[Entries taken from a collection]
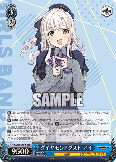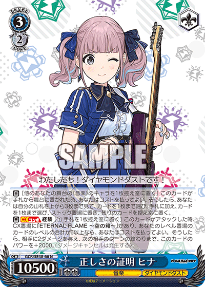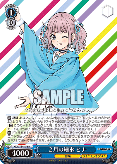 For the name… well, both of the combos are Diamond Dust, but I don’t think it’d be a different deck if you switched to a different level 1 combo. The concept of being a fairly standard deck but (hopefully) doing it well/efficiently does kinda fit, though. With it being a more defensive deck, that could play off of diamonds’ hardness somehow… though the “dust” part doesn’t work too well with that, I suppose. Something to do with healing? Hmm, the Rupa EP’s card name mentions not being alone, so could play off of that with the idea being to play more than one EP. “一人じゃないEP”; yeah, I’ll go with that. Or wait, maybe I should make “EP” plural there. It also still sounds like “not alone”; while this is based on the card name, it’s trying to say something slightly different, more like “not just one”. So: “一人だけじゃないEPs”.
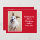 Postal Navidades rojos de perro con cachorro de reno sonr
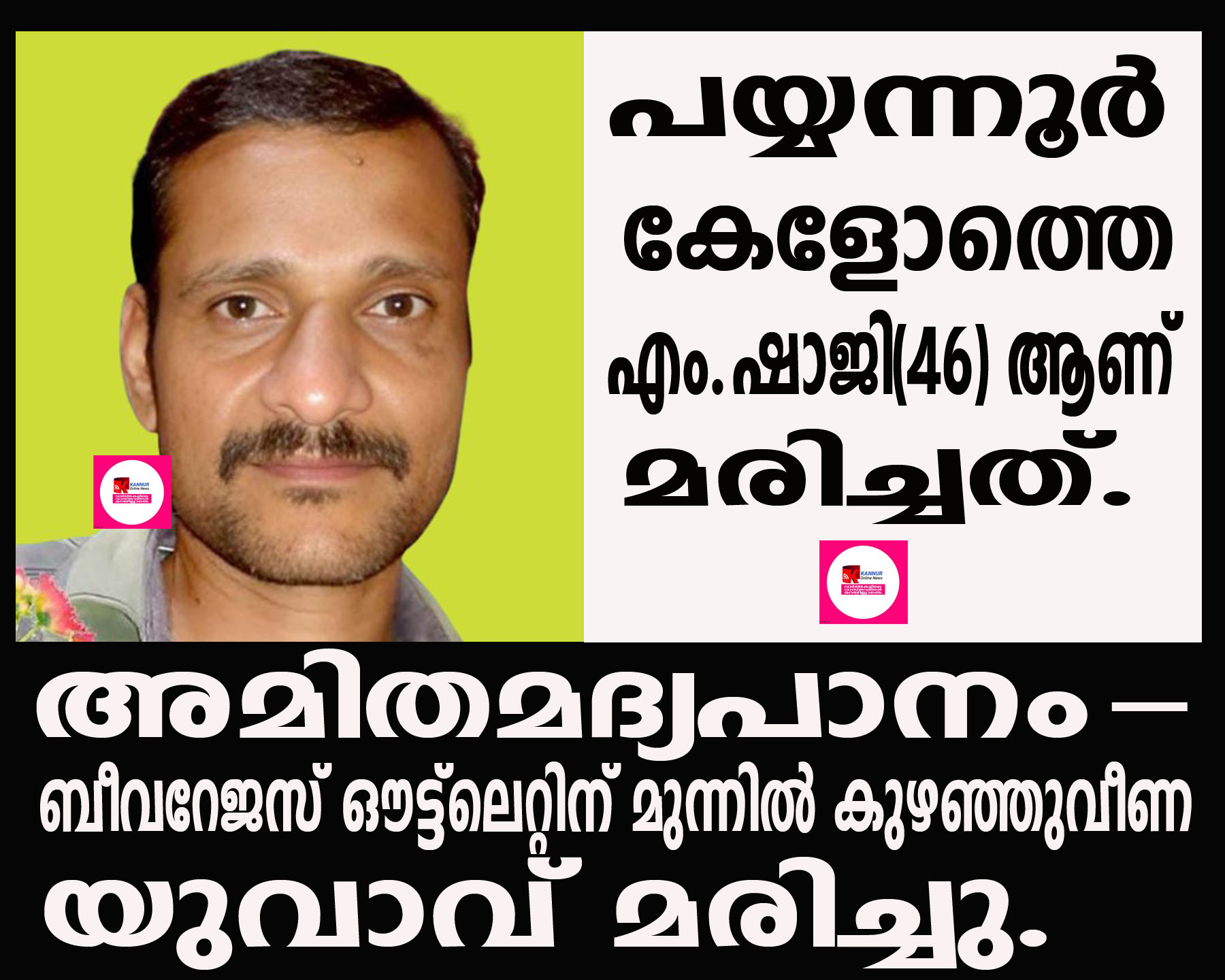 അമിതമായി മദ്യപിച്ച് പയ്യന്നൂരിലെ ബിവറേജ് ഔട്ട്ലെറ്റിന് മുന്നില് കുഴഞ്ഞുവീണ ഷാജിയെ ഉടന് പരിയാരത്തെ കണ്ണൂര് ഗവ.മെഡിക്കല് കോളേജില് എത്തിച്ചുവെങ്കിലും മരിച്ചു.
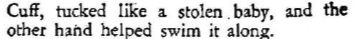 Pretty brutal frog murder there, isn’t it? The gaping mouth, the smacking it alongside the boat to make it stop its squirming, grim stuff. Cuff’s bloodlust is up now – he sees another one and wants more! But, as they’re trying to maneuver towards it, the boat starts to wobble and tip. Cuff curses Johnny, and tells him to hold the boat steady. Johnny says he IS holding the boat steady, it’s Cuff in the prow that’s causing the imbalance, which, of course, Cuff denies. Must be a snag, Johnny figures; he takes the lantern and peers over the side of the boat, trying to spot whatever it is they’re caught up on.
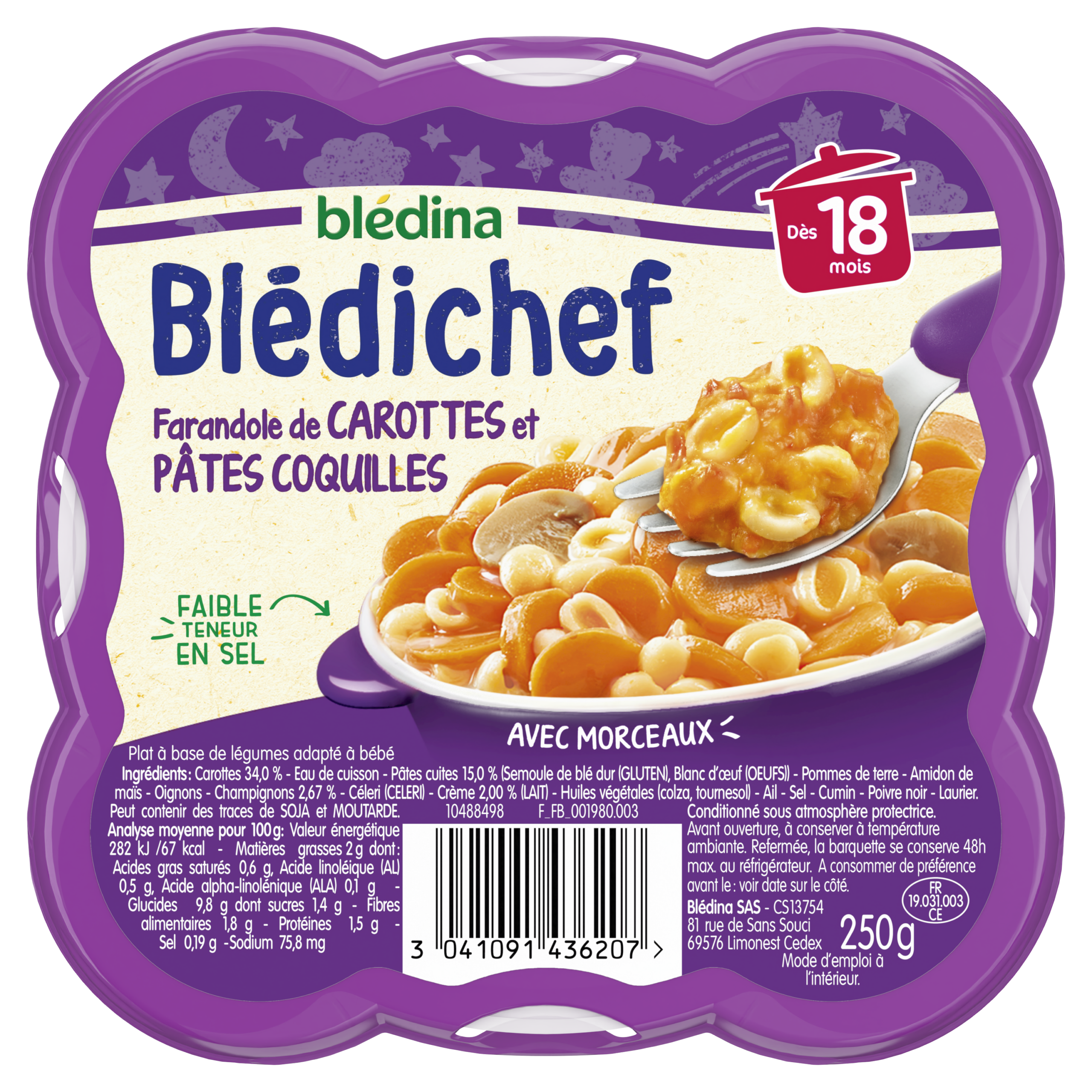 Découvrez les petits plats Blédichef® du soir de Blédina : une large gamme de plats savoureux pour le dîner, spécialement élaborés pour régaler votre bébé en toute sérénité et lui faire découvrir chaque jour de nouvelles saveurs ! Ce petit plat Blédichef®, avec des morceaux, est adapté à bébé à partir de 18 mois.
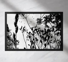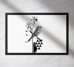 Quando in autunno sbocciano gli ultimi fiori, la rosa canina risplende e l'erba si affievolisce, gli uccelli si dirigono verso sud. Decorate la vostra stanza con questa illustrazione minimalista del nostro mondo naturale e del fascino moderno.
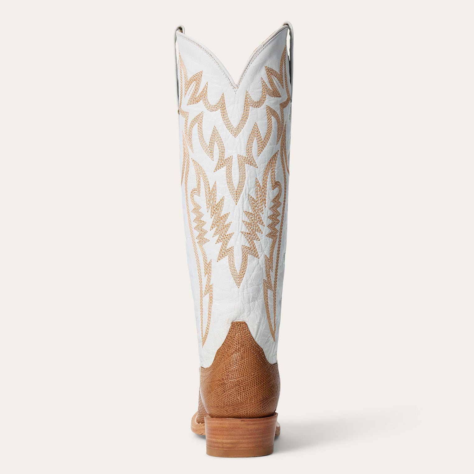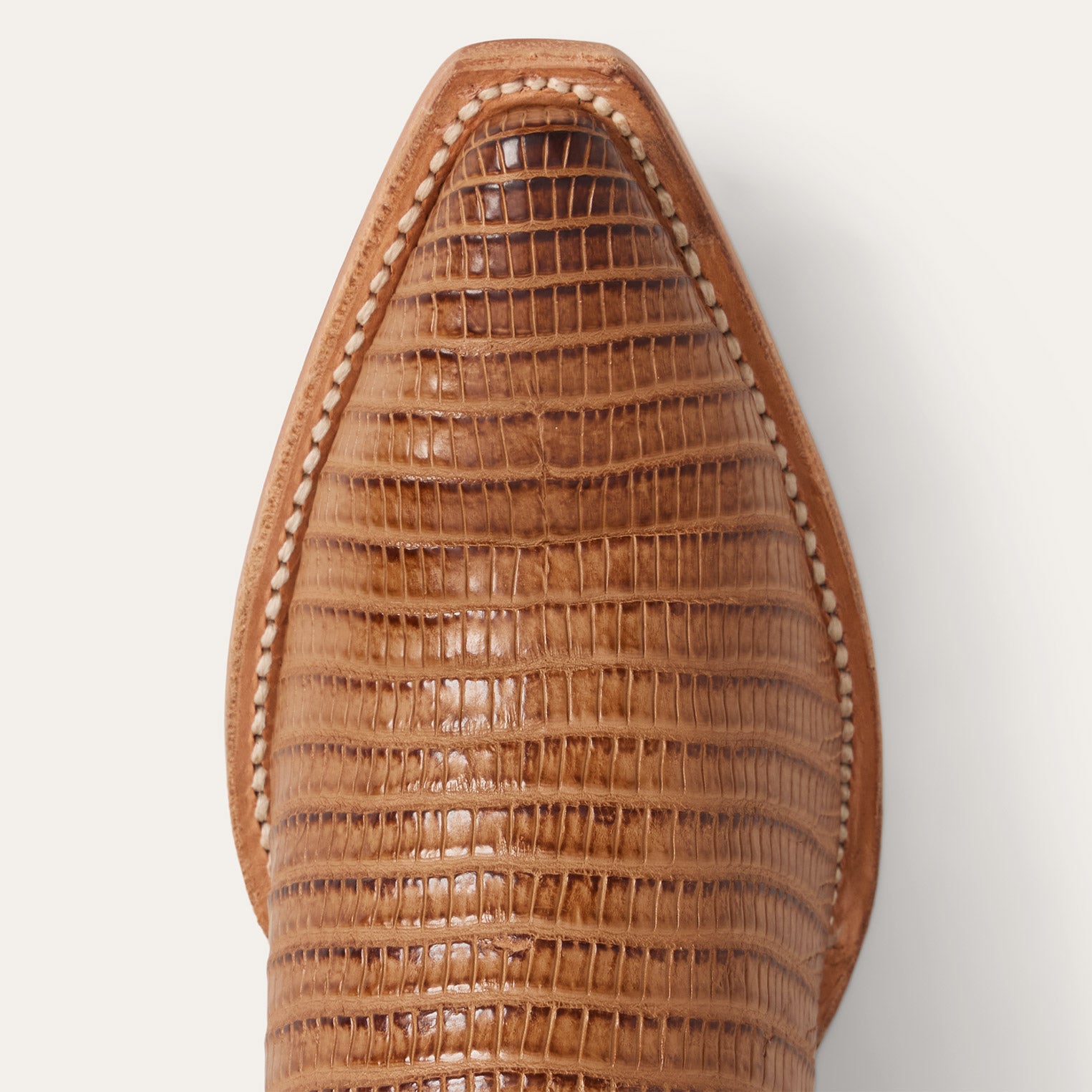 A statement-making western boot with elevated style, the Toni Boot features a full teju lizard vamp known for its distinctive scale pattern and subtle sheen. It’s paired with a 15” goat leather shaft embroidered with a unique stitch pattern, and finished with a stylish snip toe and hand-stacked leather heel. An all-leather sole, crafted with lemonwood pegs and brass nails, provides a firm foundation, while premium cowhide leather lining and a cushioned insole ensure all-day comfort and support.

▶ [EXERCISE]: Repeat only the stretch of data above that runs from the line with "Postal Navidades rojos" to the line with "അമിതമായി മദ്യപിച്ച് പയ്യന്നൂരിലെ". Keep both end lines; exclude pictures.

▶ [EXERCISE RESPONSE]:
 Postal Navidades rojos de perro con cachorro de reno sonr
 അമിതമായി മദ്യപിച്ച് പയ്യന്നൂരിലെ ബിവറേജ് ഔട്ട്ലെറ്റിന് മുന്നില് കുഴഞ്ഞുവീണ ഷാജിയെ ഉടന് പരിയാരത്തെ കണ്ണൂര് ഗവ.മെഡിക്കല് കോളേജില് എത്തിച്ചുവെങ്കിലും മരിച്ചു.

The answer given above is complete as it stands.